The survey, conducted between March and June 2025, received over 32,000 responses from UPI users across 365 districts in India. Of the 16,312 people who answered the fraud-related question, 20% confirmed they or their family members had fallen victim to UPI fraud since 2022.
Among the victims, 50% said their UPI settings or PIN were hacked, while 40% admitted to clicking on payment links that led to unauthorised debits from their accounts.
Multiple respondents reported being duped in more than one way, including QR code scams and phishing by fraudsters posing as bank representatives.
Despite the existence of grievance redressal mechanisms, such as the National Cybercrime Reporting Portal (cybercrime.gov.in) and helpline 1930, more than half of those who suffered fraud did not file a complaint. This highlights a critical gap in user trust and accessibility in fraud reporting systems.
Digital payment frauds have risen in tandem with the explosive growth of UPI, which clocked over 185 billion transactions in FY25, a 41.7% increase year-on-year, according to the Reserve Bank of India (RBI). The RBI’s latest annual report noted that digital frauds made up 56.5% of all banking fraud cases in FY25, totalling ₹520 crore. While UPI-specific data wasn’t isolated, card and internet-based transactions, which include UPI, dominated this category. Fortune India in November last year had reported that the country saw 13.42 lakh UPI fraud cases in FY24, in which around ₹1,087 crore were involved, a huge spike from ₹573 crore in FY23.

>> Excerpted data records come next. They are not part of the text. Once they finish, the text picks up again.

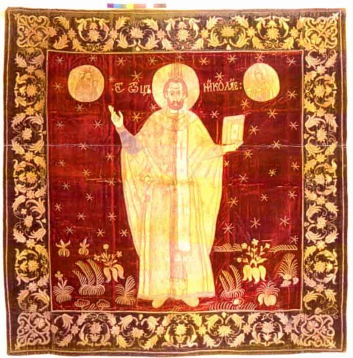 Descriere: Piesa face parte din colecția de broderii provenind de la Biserica Trei Ierarhi, danii ale voievodului Vasile Lupu către ctitoria sa de la Iași. În centrul compoziției este reprezentat marele ierarh Nicolae, în costum de arhiereu, binecuvântând cu mâna dreaptă, în stânga ținând evanghelia. În partea superioară - în medalioane - sunt brodate chipurile lui lisus și al Maicii Domnului. Decorația câmpului central și al chenarului a fost executată după același carton ca în cazul celorlalte broderii provenind de la Trei Ierarhi. Datarea s-a făcut prin analogie cu piesele care poartă inscripții de danie și data.
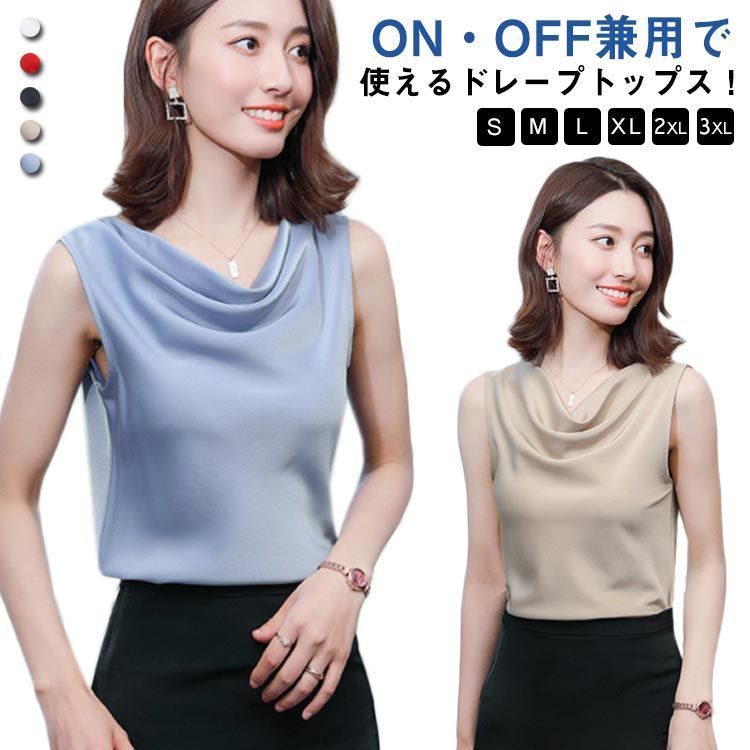 ■沖縄・離島は配送料が異なります。ご購入前にコメントをお願いいたします。 サイズ S / M / L / XL / 2XL / 3XL ※平置き実寸です。実寸は商品により1-3cm程度の誤差が生じる場合があります。 素材 ポリエステル、スパンデックス カラー ホワイト、レッド、ブラック、ベージュ、ブルー 商品の特徴 ・ON・OFF兼用で使えるドレープトップスです。 ・軽めの落ち感があるサテン素材で、ネックラインにドレープを施しています。 ・さらっとした肌触りで、夏にぴったりの涼やかな着心地です。 ・エレガントで上品なデザインのため、ちょっとしたお呼ばれやフォーマルな席にもおすすめです。 ・ジャケットのインナーや、レイヤードスタイルのチラ見せとしてもコーディネートを華やかにします。 ・マーメイドスカートやテーパードパンツなど、様々なボトムスとの相性が良い万能アイテムです。
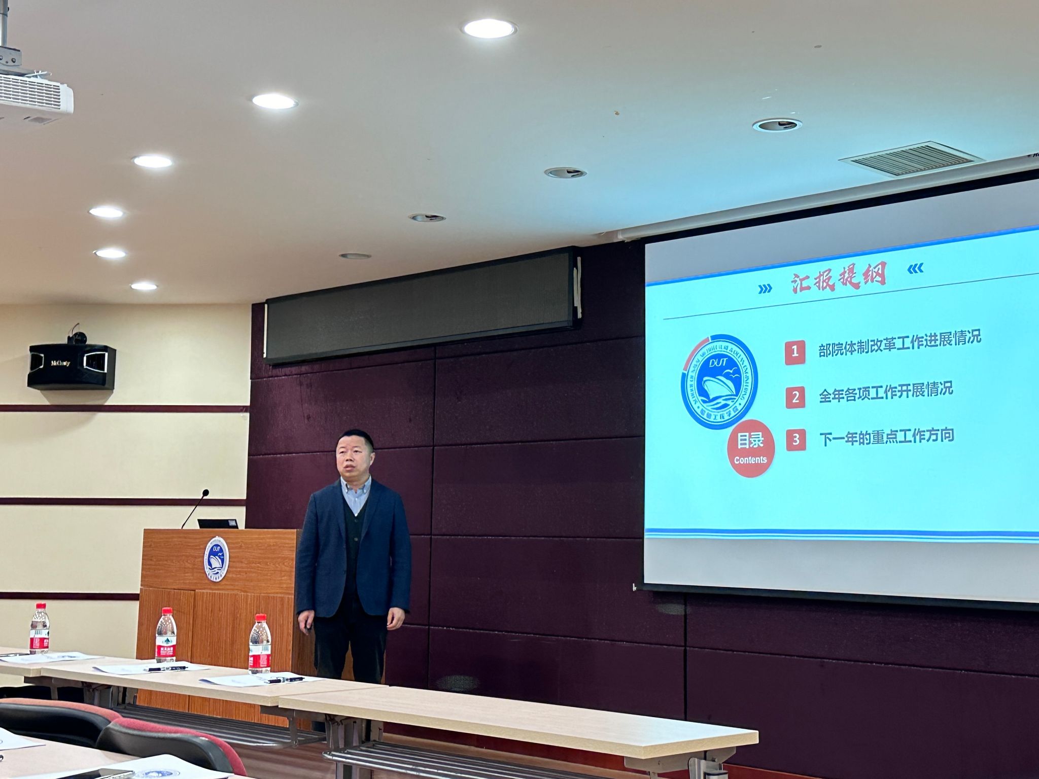 为深入贯彻落实学校第十四次党代会精神和“五个坚定不移”工作要求,紧紧抓住学校党委深化传统优势学科部院体制改革契机,凝心聚力推升学院发展新高度,11月22日下午,船舶工程学院召开全体教职工大会,成立学院工会和学术分委员会,进行学院领导班子年度述职考评。
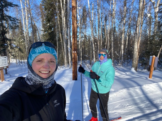 On Saturday, she skied the 30 km course, where Joanna Fox kept her company for the first 11 km as they chatted and noticed that the black loops were enjoyable at their leisurely pace. After the blue loop, Joanna called it a day and took the requisite selfie of us at that point.
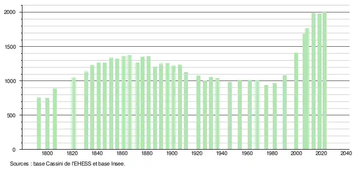 L'évolution du nombre d'habitants est connue à travers les recensements de la population effectués dans la commune depuis 1793. Pour les communes de moins de 10 000 habitants, une enquête de recensement portant sur toute la population est réalisée tous les cinq ans, les populations de référence des années intermédiaires étant quant à elles estimées par interpolation ou extrapolation[35]. Pour la commune, le premier recensement exhaustif entrant dans le cadre du nouveau dispositif a été réalisé en 2008[36].
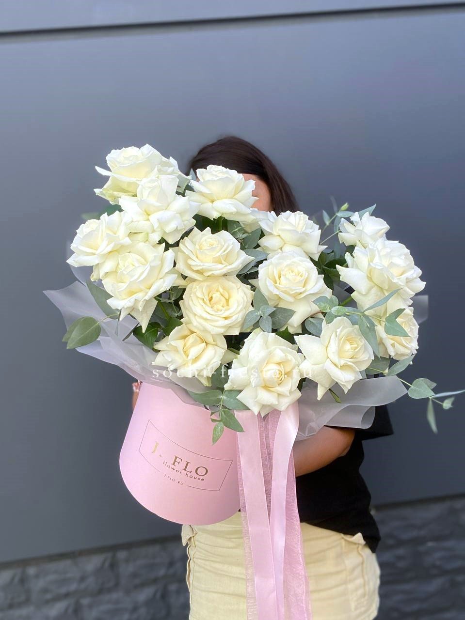 Семнадцать белых роз с раскрытыми лепестками собраны в круглый бокс с добавлением эвкалипта. Композиция держит форму и легко размещается на столе или комоде. Практичное решение для тех, кто ценит аккуратность и свежесть без лишних деталей.
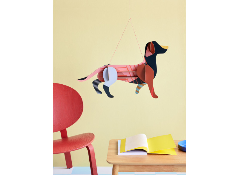 This fun and imaginative 3D object is a dachshund, perfect as a mascot for the children's room. It comes flat packed, made from recycled cardboard and printed with vegetable ink. When assembled, it measures 58.5x13.6x35.3 cm. The package contains two A3 sheets with 13 parts that can be easily assembled. The assembly instructions can be found on the inside of the packaging.Recipient :
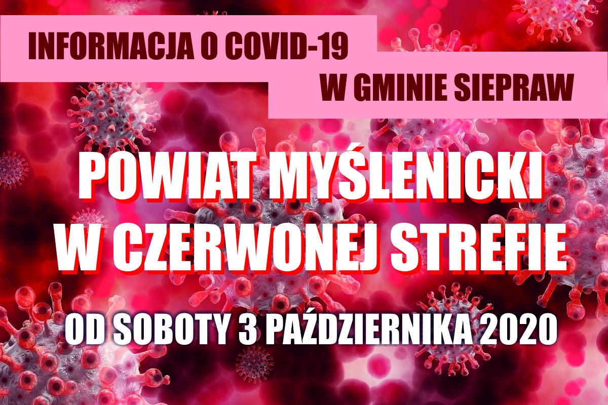 W wyniku wzrostu zakażeń COVID-19 Powiat Myślenicki od najbliższej soboty (3 października2020 r.) zostanie objęty „czerwoną strefą”. Z faktu tego wynikają kolejne obostrzenia i zalecenia dla mieszkańców.

The RBI and National Payments Corporation of India (NPCI) have rolled out several initiatives, including AI-based fraud detection tools like MuleHunter.AI and daily transaction caps, to tighten security. However, the survey report recommends further action, including a single-click complaint filing system and real-time alerts for suspicious payment links across SMS and messaging apps.
With UPI now accounting for over 83% of all digital payments by volume, the findings underline the urgency for a coordinated, tech-driven crackdown on fraud.